3. Receive buffer overflow: A receive buffer overflow can prevent new receive interrupts from triggering. Make sure to read the data from the receive data register promptly within the interrupt service routine (ISR) to avoid this condition.
4. Hardware connection error: Check that the UART receive pin is connected correctly. Also, verify that the signal levels and communication protocol settings match the connected device.
5. Incorrect UART configuration: Double-check all UART configuration parameters, including baud rate, data bits, stop bits, and parity. These settings must be identical on both the transmitting and receiving devices.
6. Incorrect interrupt priority grouping: If you are using preemption and sub-priorities, ensure that the interrupt priority grouping is configured correctly for your application's needs.
7. Incorrect system clock configuration: An improperly configured system clock can lead to abnormal UART communication. Ensure the system clock provides the correct frequency for the UART peripheral.

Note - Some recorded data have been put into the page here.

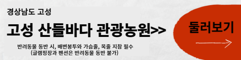 경상남도 고성 산들바다 관광농원은 푸른 남해가 보이는 언덕 위에 위치해 있는 캠핑장입니다. 바다뷰와 마운틴뷰의 환상적인 조화와 일출과 일몰이 무척 아름다운 캠핑지입니다. 펜션과 글램핑장, 카라반도 이용할 수 있으며 카페, 수영장, 야외공연장 등등 다양한 부대시설이 있어 사계절 내내 다채롭게 즐길 수 있는 곳입니다. 가족들과 지인들 특히 아이들이 있다면 캠핑장 주변에는 고성공룡 박물관과 당항포, 사량도, 상족암 군립공원 등이 있으니 관광투어로도 손색이 없는 캠핑장입니다.
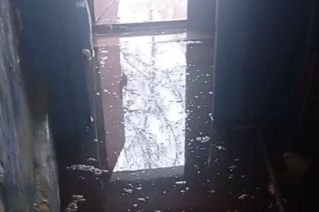 На кадрах видно, что в результате порыва затопило нижние ступени лестничной клетки. Выйти из помещения оказалось невозможно из-за высокого уровня воды.
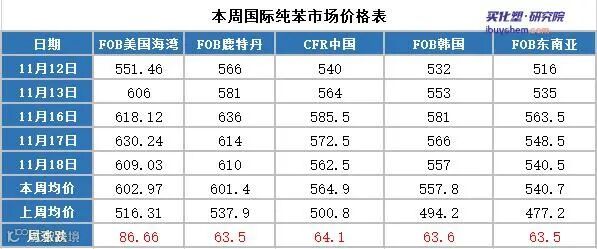 海湾收609.03美元/吨。与上周11月11日相比,FOB韩国涨39美元/吨,CFR中国涨39.5美元/吨,FOB鹿特丹涨72美元/吨,FOB美国海湾涨63.63美元/吨。
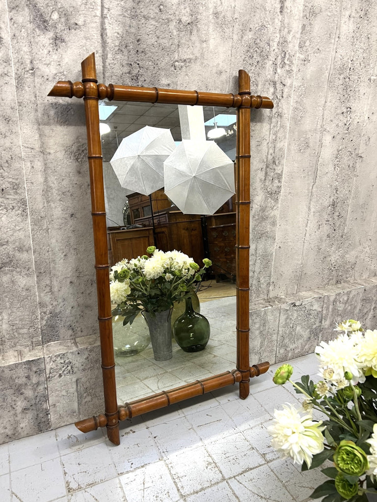 A large mid century mirror with this fabulous bamboo frame. This would be ideal in a bedroom, bathroom, hallway, kitchen or utility room, or even just propped up on a shelf as decoration. Slightly foxed glass, but not to stop the mirror being fully usable. Ready to use as it is.
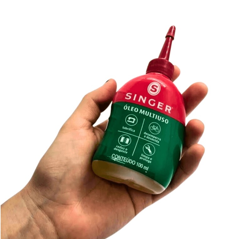 Kit bombinha aplicadora de óleo profissional Almotolia 200ml + frasco de óleo Singer 100ml
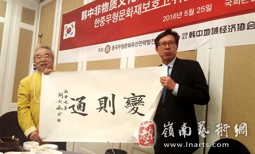 2016年5月24日上午,由文化部、中国文化产业智库研究中心支持;大韩民国国会、中国非遗资源管理评价研究委员会、中国非物质文化遗战略发展联盟联合主办;中华炎黄文化研究会砚文化联合会、炎黄书画家协会协办的中韩非物质文化遗产高峰论坛在首尔韩国国会举行。著名书法教育家、炎黄书画家协会主席闫锐敏应邀出席高峰论坛暨逸品神工艺术精品展,并被列席逸品神工艺术精品展学术委员顾问,在韩中地域经济协会李相基会长与组委会秘书长黄中的陪同下,韩国国会秘书长兼总统办公室事务总长朴亨峻亲临论坛致欢迎辞,随后参观了闫锐敏先生的书法及新华出版社出版的书法精品小楷《道德经》卷。
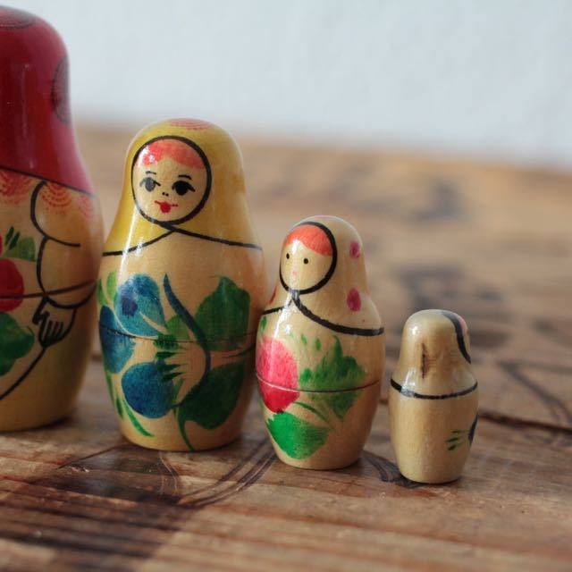 ロシア製のマトリョーシカです。 閉めてペイントされているはずなのですが、きちんと閉まりにくいです。 湿気などの関係かもしれません。 サイズ ・大きい子高さ 約 14.5cm ・小さい子 高さ 約 2.5cm 重さ ・約 150g ※古いものならではの持ち味をご理解下さった上で、aboutの注意事項をお読みになり、購入をお願いします。
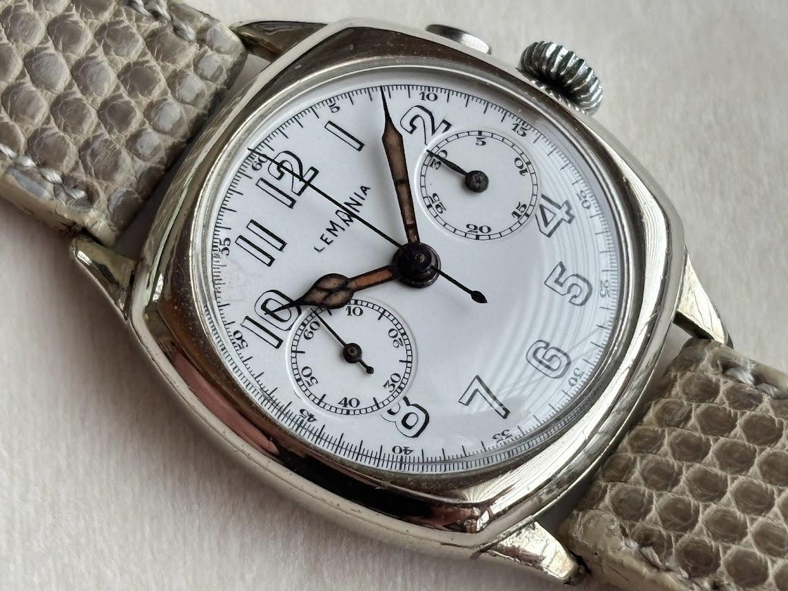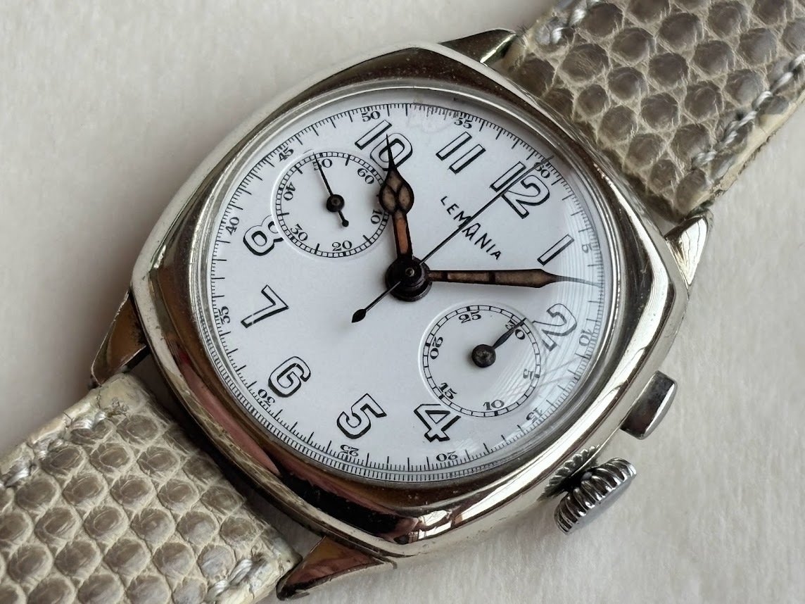 1930年代と思われる    LEMANIA     ワンプッシュ   クロノグラフ 、 アンティークとしてとても雰囲気のある貴重なものです。

In summary, if the STM32 UART receive interrupt fails to trigger, systematically check the potential causes listed above. Using a tool like a serial port monitor can help verify if the UART communication is functioning correctly. If the problem persists, consult the official STM32 reference manuals.

How STM32 UART Receive Interrupts Trigger

The triggering mechanism for UART receive interrupts in STM32 microcontrollers is as follows:

1. Enable the UART Receive Interrupt: During initialization, the appropriate control registers must be configured to enable the UART receive interrupt. This is typically done by setting a specific flag or bit in a control register.
2. Wait for the Interrupt Trigger: When the UART hardware receives a character, it stores the data in the receive data register and sets a corresponding interrupt flag (e.g., the RXNE - Read Data Register Not Empty flag). If the receive interrupt is enabled, this flag will trigger an interrupt request.
3. Execute the Interrupt Service Routine (ISR): Once the interrupt is triggered, program control transfers to the pre-configured UART ISR. Inside this routine, you can perform the necessary processing, such as reading the data and acting upon it.

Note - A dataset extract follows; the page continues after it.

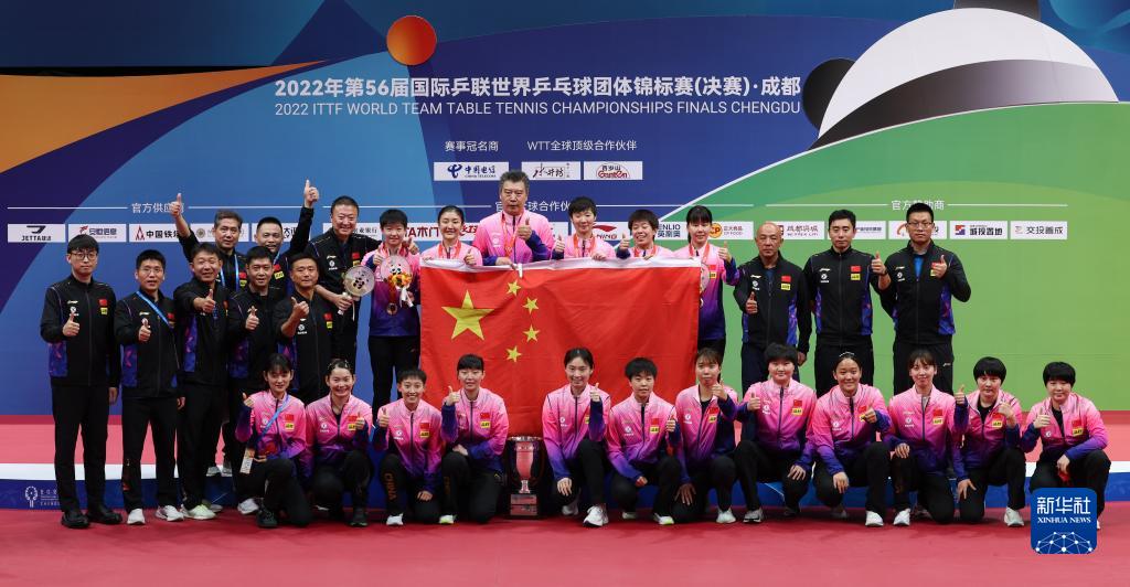 新華社成都10月8日電(記者陳地)8日晚,備受關注的2022年第56屆世界乒乓球團體錦標賽女團決賽上演,中國隊三名隊員陳夢、王曼昱、孫穎莎發(fā)揮出色,3:0完勝日本隊,幫助中國隊以八戰(zhàn)全勝的驕人戰(zhàn)績奪冠,并實現(xiàn)世乒賽五連冠。
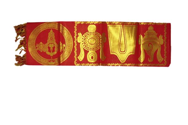 Introducing the exquisite Red Zari Tirupati Balaji Shawl, a stunning piece of devotional elegance. Crafted with rich red fabric, this shawl is adorned with intricate Zari work, depicting the divine image of Lord Balaji. The luxurious texture and vibrant color symbolize prosperity and devotion, making it a perfect offering or keepsake for devotees. Ideal for draping during rituals, temple visits, or as a special gift, this shawl encapsulates the spiritual essence and grace of Tirupati Balaji. Embrace the divine blessings and elevate your spiritual journey with this beautifully designed Zari Tirupati Balaji Shawl.

A typical example of a UART receive ISR is shown below:

void USARTx_IRQHandler(void) { // Check if the RXNE interrupt flag is set if (USART_GetITStatus(USARTx, USART_IT_RXNE) != RESET) { // Read the received data from the buffer uint8_t received_data = USART_ReceiveData(USARTx); // Process the received data // ... } }

In this example, the code first checks the interrupt flag to confirm that new data has been received. It then reads the data from the receive buffer using the

USART_ReceiveData() function. After reading the data, you can implement custom logic to handle it.

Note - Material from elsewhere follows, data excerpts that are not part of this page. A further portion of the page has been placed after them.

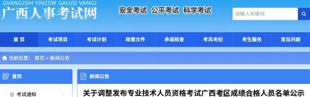 关于调整发布专业技术人员资格考试广西考区成绩合格人员名单公示的通告
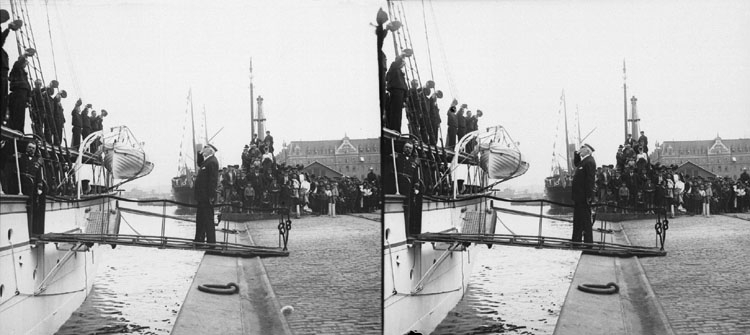 14 Augusti 1901, Kungen går ombord på "Drott" (Stereo karta III).
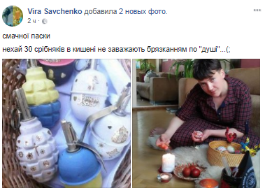 Отметим, женщина разместила два фото. На первом - сине-желтого цвета и с надписями "Христос Воскрес" боевые гранаты Ф-1 и РГД-5. А на втором - Надежда Савченко, которая разрисовывает пасхальные яйца.

Note that this is a simplified example. In a real application, you must also enable the corresponding interrupt in the Nested Vectored Interrupt Controller (NVIC) and ensure the ISR is correctly linked in the vector table. It is also crucial to clear the interrupt flag (which is often done automatically by reading the data register) to prevent the ISR from being re-triggered continuously.

The General Interrupt Process

1. The interrupt source issues a request.
2. The processor saves the current context (e.g., registers) to the stack.
3. The processor executes the corresponding Interrupt Service Routine (ISR).
4. The ISR completes, and the processor executes an interrupt return instruction.
5. The processor restores the original context from the stack and resumes execution.

Interrupts in the STM32F4 Series

NVIC (Nested Vectored Interrupt Controller)

The NVIC is a standard ARM Cortex-M core peripheral that manages all interrupt-related functions on the chip. It is tightly coupled with the processor core. On STM32 devices, any I/O pin can be configured as an external interrupt input. For example, the STM32F407's interrupt controller supports numerous external interrupt/event requests, each with its own status bit, trigger selection, and mask settings.

EXTI (External Interrupt/Event Controller)

On the STM32F4, any I/O pin can serve as an external interrupt input via the EXTI controller. The STM32F4's EXTI controller supports 23 external interrupt/event request lines with edge detectors. Each input line can be individually configured to select its type (interrupt or event) and its trigger condition (rising edge, falling edge, or both). Each line can also be individually masked. A pending register is used to maintain the status of interrupt requests.